Impact Insights

Week in Review 8/29/2014

A new report from KLAS finds that more than one quarter (27%) of ambulatory practices are considering replacing their current EHR. An additional 12% reported they would like to replace their EHR, but “cannot do so for financial or organizational reasons.” According to FierceEMR, Cerner and Epic are at the top of the list for owned or closely affiliated practices that are considering a change, while independent practices are more focused on athenahealth and eClinicalWorks.

Impact Advisors’ Thoughts: The number of practices looking at replacing their EHR is not altogether surprising, but it is interesting to note the vendors different practices appear to be considering. The interest in Cerner and Epic among owned and closely affiliated practices certainly makes sense; especially given the benefits in today’s market of integration across the continuum and the fact that both Cerner and Epic continue to make significant gains in market share with hospitals of all sizes.

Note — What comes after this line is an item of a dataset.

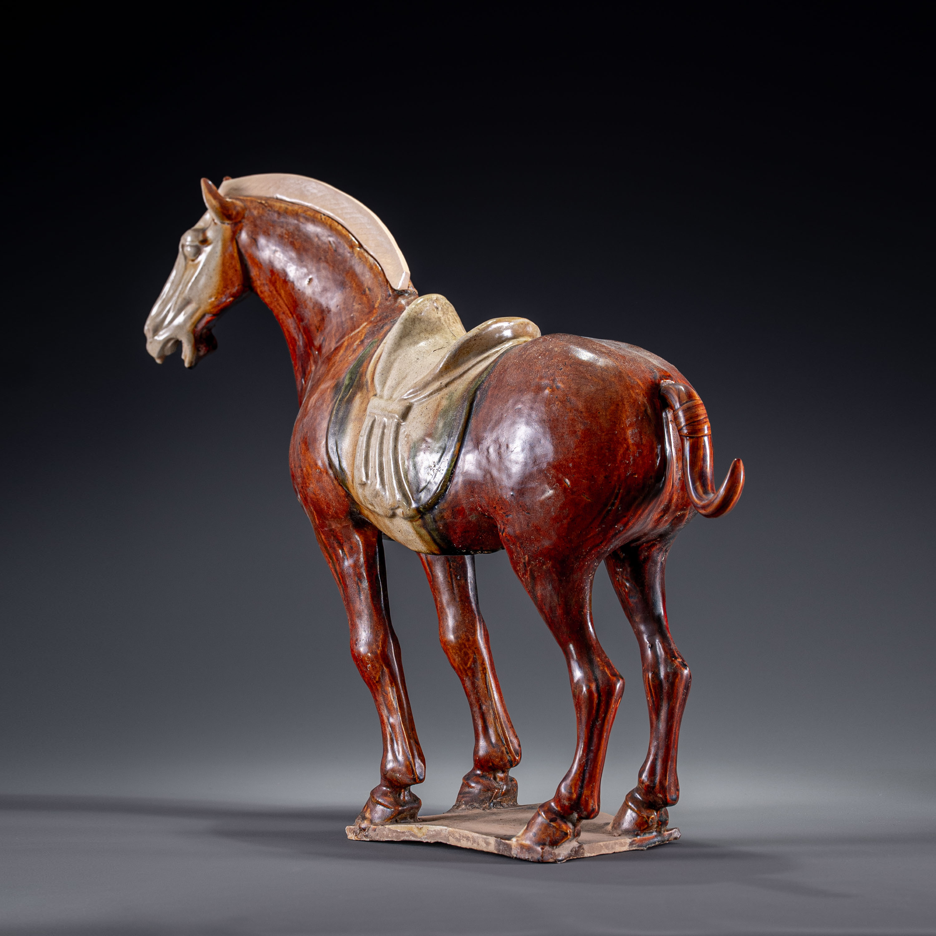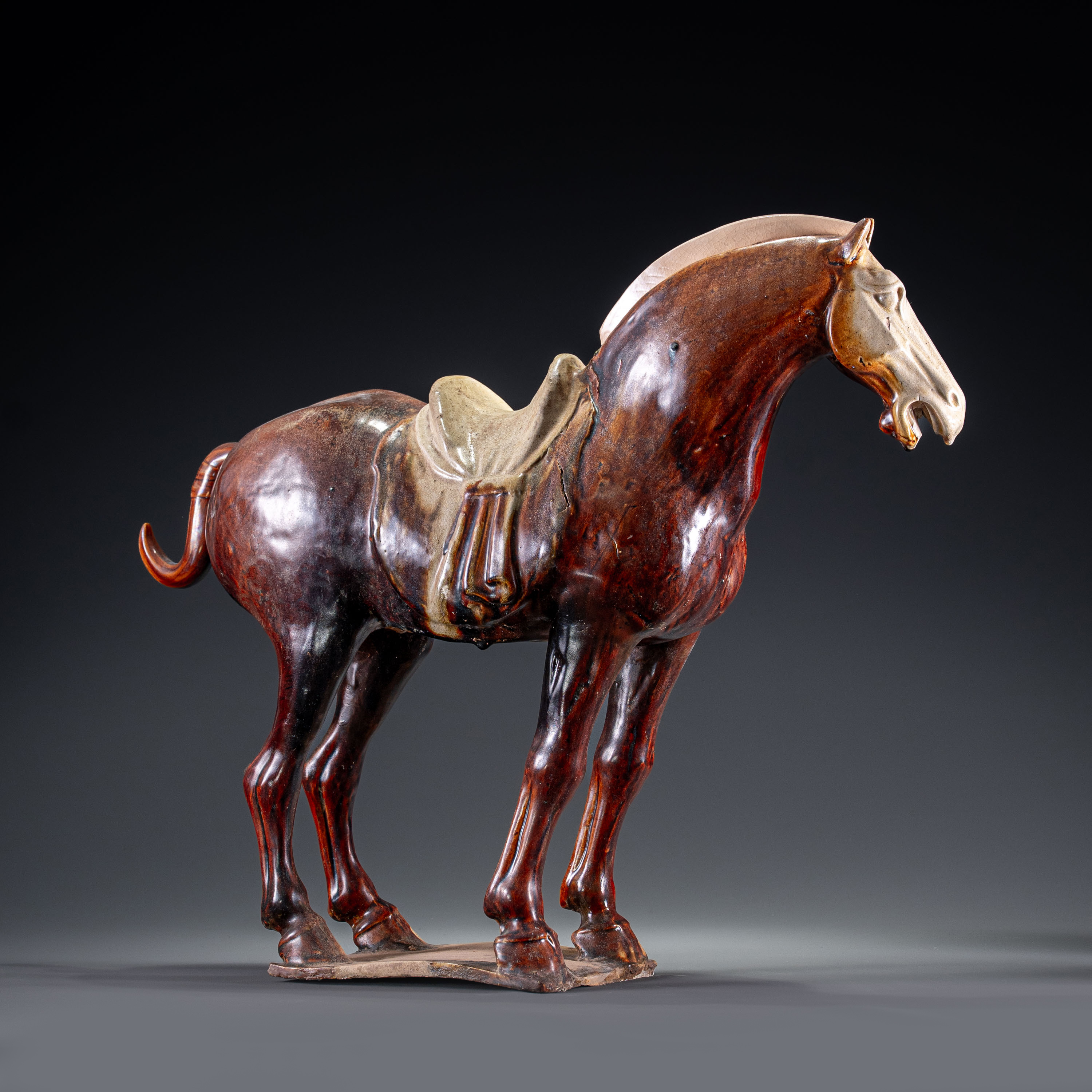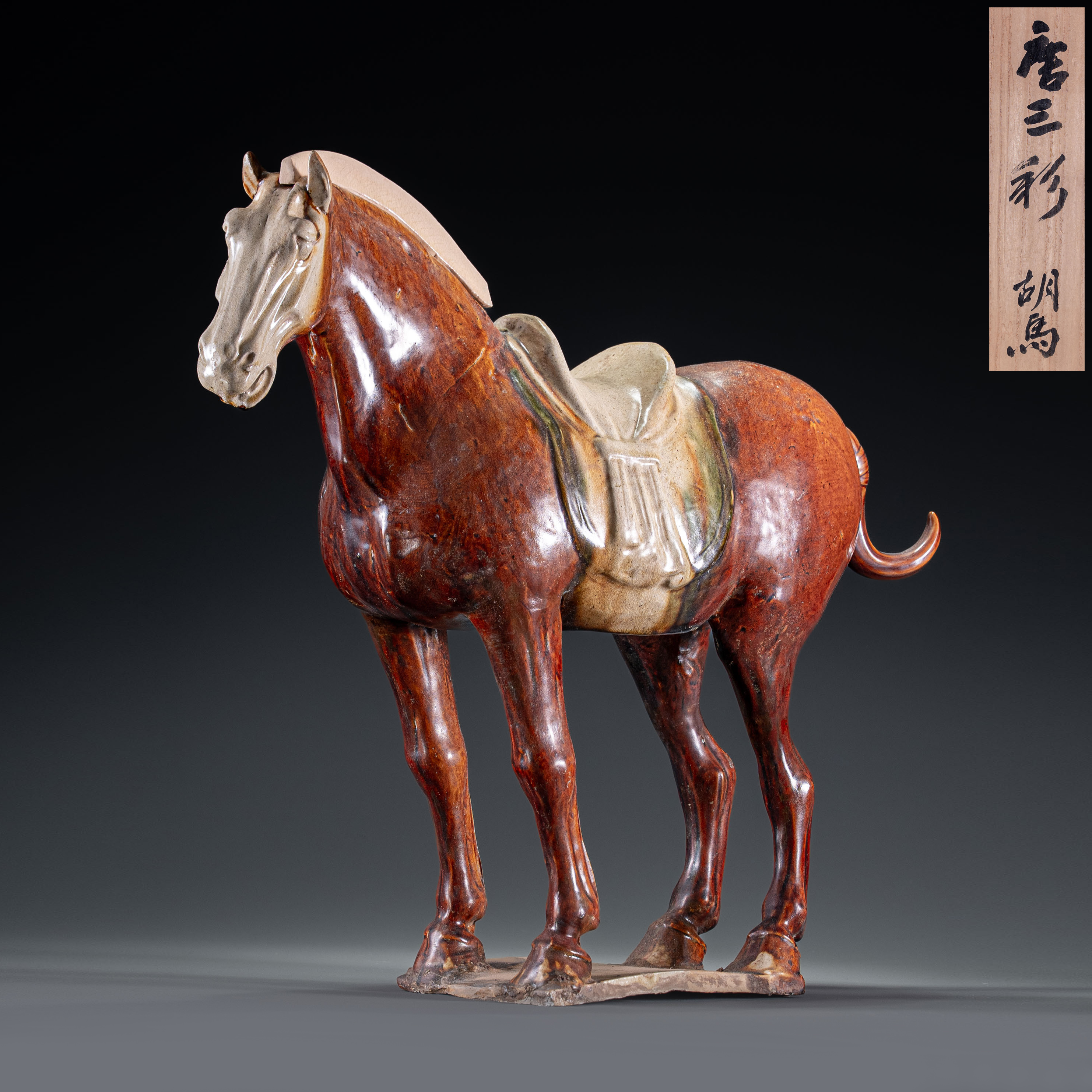 在施釉上,此马表现出极高的艺术水准。浓郁的焦糖色釉流淌自然,与马头、马鞍处的留白形成虚实对比,神韵灵动。加藤卓男先生的精准修复,不仅补全了器物的残缺,更是一场跨越千年的艺术对话。此器集大唐盛世的磅礴气象与当代顶尖匠人的敬畏之心于一体,既是学术研究的珍贵标本,更是中日文化艺术交融的绝佳见证。

As a follow up to the news about the Community Health Systems (CHS) data breach, Forbes provides an interesting assessment looking at the actual costs that result from such an incident. According to the story, there are a number of components to determining the total cost of a major breach: 1) the costs associated with remediation, 2) the payment of fines, 3) the costs associated with providing identity protection/credit monitoring services to affected patients, 4) the legal costs stemming from lawsuits, and 5) the costs to the healthcare system as a whole from fraudulent use of stolen patient information. Overall, Forbes speculates that this particular breach alone could cost CHS between $75 and $150 Million (!).

Impact Advisors’ Thoughts: The story was written in light of the specific incident at CHS, but the breakdown of the many different types of associated costs will apply to any hospital or health system that is the victim of a data breach. Highly recommended reading that serves as yet another reminder of why it is so important to be as proactive as possible when it comes to protecting patient information.